„Вот Гоголь, Саша, тоже хотел историю преподавать, а что из этого вышло?“ – не утерпела Мария Илларионовна.
Сговорились вроде на том, что завтра он приедет в Москву, чтобы идти к Ильичеву к 2 часам дня. ‹…›
Я уговорил Александра Трифоновича вместе поехать к Черноуцану объясняться по поводу Булгакова. Когда шли по длинным коридорам и переходам здания ЦК, Твардовский, хитро сощурившись, процитировал себя: „А дверей – не счесть дверей, и какие двери!“
Черноуцан встретил нас дружелюбно, но немного оробел под двойным напором. „Мы пришли провести с вами работу… Это у нас запущенный участок“, – пошутил, едва мы вошли, Александр Трифонович. И объявил, что речь пойдет о Булгакове. Черноуцан выслушал нас терпеливо, посмеиваясь, но не уступал. Его суждения сошлись с цензурными: роман Булгакова – пасквиль, подрыв авторитетов, системы Станиславского.

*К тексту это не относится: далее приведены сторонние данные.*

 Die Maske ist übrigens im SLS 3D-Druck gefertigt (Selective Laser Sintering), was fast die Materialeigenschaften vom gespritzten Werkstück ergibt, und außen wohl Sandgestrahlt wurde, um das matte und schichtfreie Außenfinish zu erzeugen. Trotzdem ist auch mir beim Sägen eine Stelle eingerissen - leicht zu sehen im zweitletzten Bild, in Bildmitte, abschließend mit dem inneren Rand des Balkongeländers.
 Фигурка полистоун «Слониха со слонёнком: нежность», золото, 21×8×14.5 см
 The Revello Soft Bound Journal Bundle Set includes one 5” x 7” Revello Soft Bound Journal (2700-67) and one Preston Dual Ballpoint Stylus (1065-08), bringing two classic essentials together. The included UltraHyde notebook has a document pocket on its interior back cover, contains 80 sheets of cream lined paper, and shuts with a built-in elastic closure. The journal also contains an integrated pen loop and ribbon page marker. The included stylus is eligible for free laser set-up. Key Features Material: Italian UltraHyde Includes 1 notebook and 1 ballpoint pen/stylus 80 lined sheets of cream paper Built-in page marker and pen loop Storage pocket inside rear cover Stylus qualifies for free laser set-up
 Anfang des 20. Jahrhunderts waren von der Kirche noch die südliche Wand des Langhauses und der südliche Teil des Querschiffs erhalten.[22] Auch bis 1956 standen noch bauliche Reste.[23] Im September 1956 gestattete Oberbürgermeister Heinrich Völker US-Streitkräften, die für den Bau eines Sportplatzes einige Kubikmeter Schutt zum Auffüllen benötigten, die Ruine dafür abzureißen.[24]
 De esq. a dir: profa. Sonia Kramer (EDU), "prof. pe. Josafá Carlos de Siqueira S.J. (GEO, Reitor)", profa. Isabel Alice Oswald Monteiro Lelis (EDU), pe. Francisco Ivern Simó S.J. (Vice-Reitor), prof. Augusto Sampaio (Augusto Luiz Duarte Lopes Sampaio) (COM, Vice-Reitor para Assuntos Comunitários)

„Берете грех на душу, – пугал его Александр Трифонович. – У нашего Закса в сейфе лежит список ваших грехов и благодеяний. Ведь мы все запоминаем“, – смеясь, говорил Твардовский.
Черноуцан взял с нами игровой тон. „Нет, вы серьезно верите, что это можно напечатать? Да нет, вы меня разыгрываете! Не может быть, чтобы вы сами не понимали, что это невозможно“.

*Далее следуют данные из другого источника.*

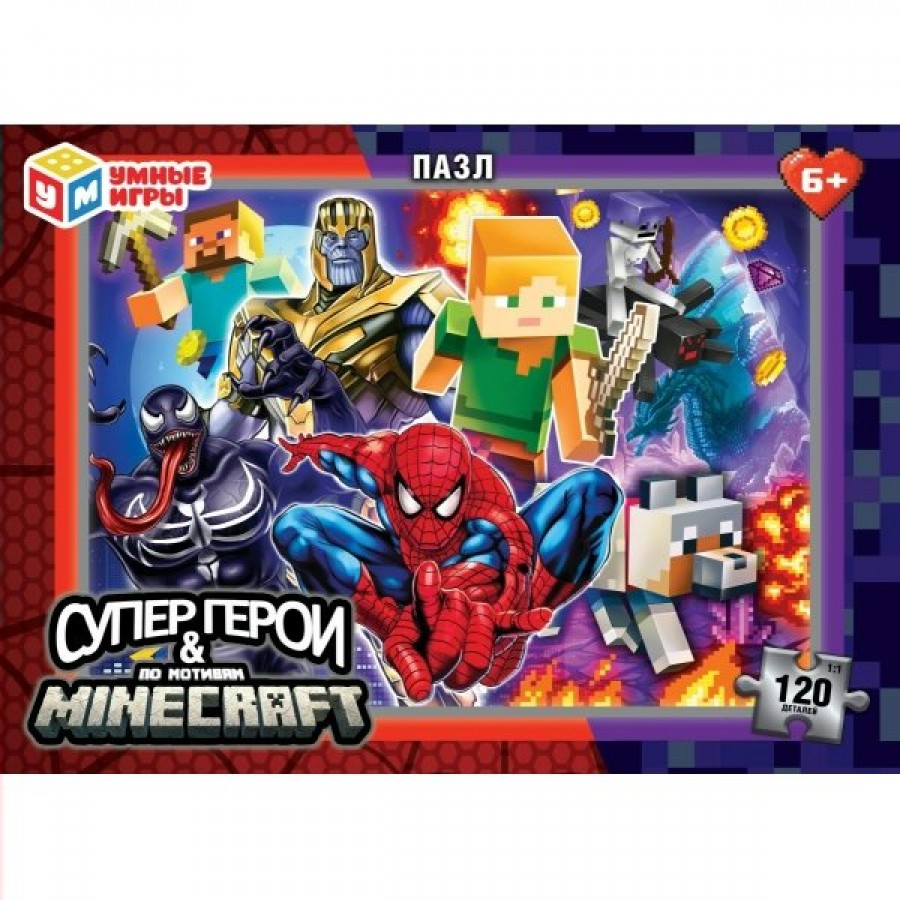 Умные игры Пазл 120 Супергерои & по мотивам Minecraft 395783 Россия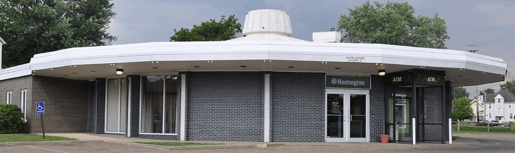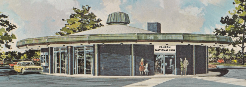 This former “rotunda branch” bank in Canton, OH will likely be demolished soon for a new development known as O’Jay’s Plaza:

Твардовский настаивал, что искусственным способом нельзя поддержать авторитет того или иного лица, что шарж, юмор никогда не вредят серьезному делу, что, наконец, Булгаков такой писатель, что имеет право на опубликование каждой его строчки. Я сказал, что так бы следовало запретить и чеховскую „Попрыгунью“ за клевету на Левитана. И вообще, произведение такой ценности, как роман Булгакова, неизбежно будет опубликовано через 5 или 10 лет, но напечатают его обязательно.
Сбитый нашим напором Черноуцан возражал неубедительно, вяло, но стоял на своем.

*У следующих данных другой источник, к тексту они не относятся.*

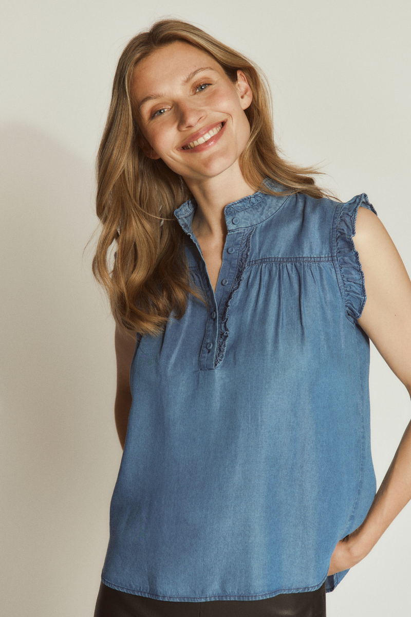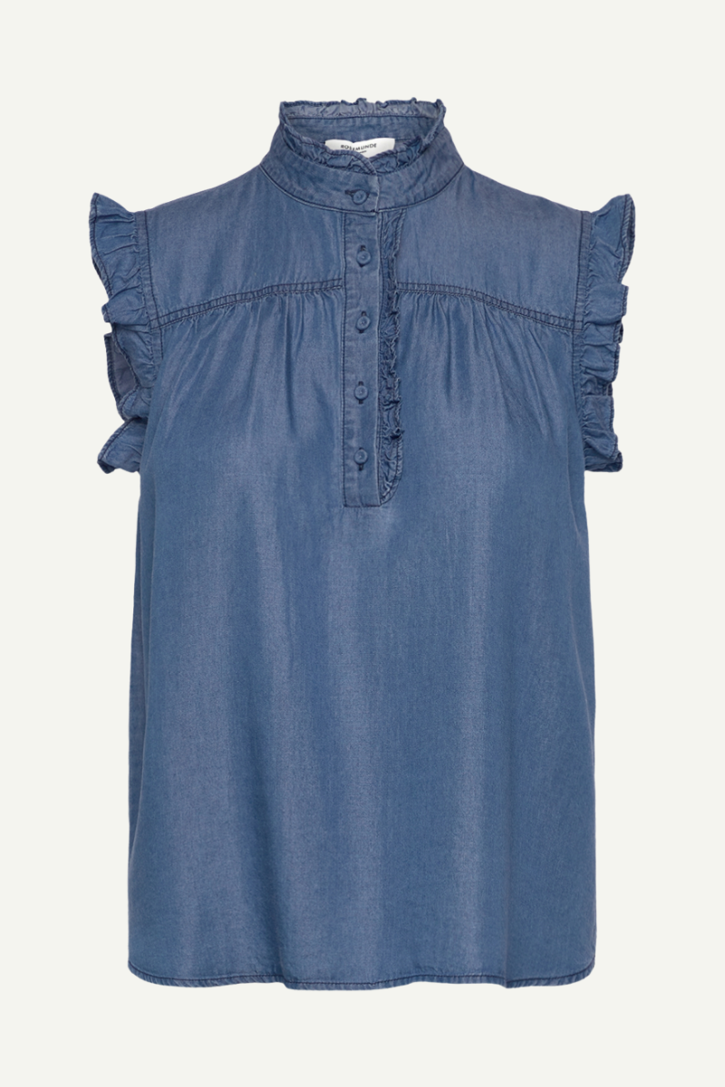 Das RWDallas Top von Rosemunde Copenhagen besticht durch seinen halbhohen Kragen und raffinierte Rüschendetails an Kragen, Ärmelausschnitt und Knopfleiste. Dieses elegante Oberteil verbindet Feminität mit modernem Design und lässt sich mühelos zu einem zeitgemäßen, anspruchsvollen Look kombinieren. Ein trendiges Must-have für die aktuelle Saison.

Александр Трифонович говорил ему:
– Ну ведь вы видите, как странны все эти наши запрещения. Девять лет назад сожгли „Тёркина на том свете“, буквально подвергли аутодафе, собрали все верстки по списку и сожгли. А теперь поэма разрешена и вы знаете, что в этой редакции она сильнее, глубже первого „Тёркина…“ 1954 года. И оказывается, ничего опасного для советской власти нет – вчера напечатали в газете. ‹…›
В редакции был Е. Евтушенко, читал новые стихи. Александр Трифонович говорил о них так жестко, что Евтушенко едва не расплакался. В словах Твардовского немало справедливого, и все равно Евтушенко жаль. Александр Трифонович упрекал его за манерность, „литературность“, за отсутствие художнической объективности, какого-то интереса вне себя. Евтушенко был смят, подавлен и ничего не отвечал.
Я вступился за него. Меня поддержали Кондратович и Дементьев. В результате, с некоторыми переменами в составе, цикл Евтушенко пойдет у нас.
Я рад, что так вышло, да и Твардовский понял, что пережал. Он говорил потом Дементьеву, что так и надо: хорошо получилось, что он говорил без скидок, со всей суровостью, а в результате обсуждения все-таки можно напечатать». [5; 96–117, 121, 125, 143, 155, 166]
Александр Трифонович Твардовский.
«
‹…› В последние 10 лет, несмотря на репутацию пьющего (эка новость это у нас!) и 54 г. (снятие с „Нового Мира“, запрещение „Тёркина на т[ом] св[ете]“), я, безусловно, мог достигнуть высших степеней в „системе“ Союза писателей, т. е. оказаться во главе его. Во всяком случае, слухи относительно такой возможности были, а „возглавить Моск[овскую] организацию“ мне предлагалось официально. Но меня всегда пугала все более определенно выступавшая представительская, непродуктивная сущность этой должности. Если бы это случилось, я бы, наверно, погиб, и ничего толком сделать бы не сумел, т. к. не обладал многими необходимыми для этой должности качествами Фадеева, суетной мобильностью Суркова и самобережением К. А. Федина (ни его старческим честолюбием), я бы неизвестно как бы вертелся и терзался там.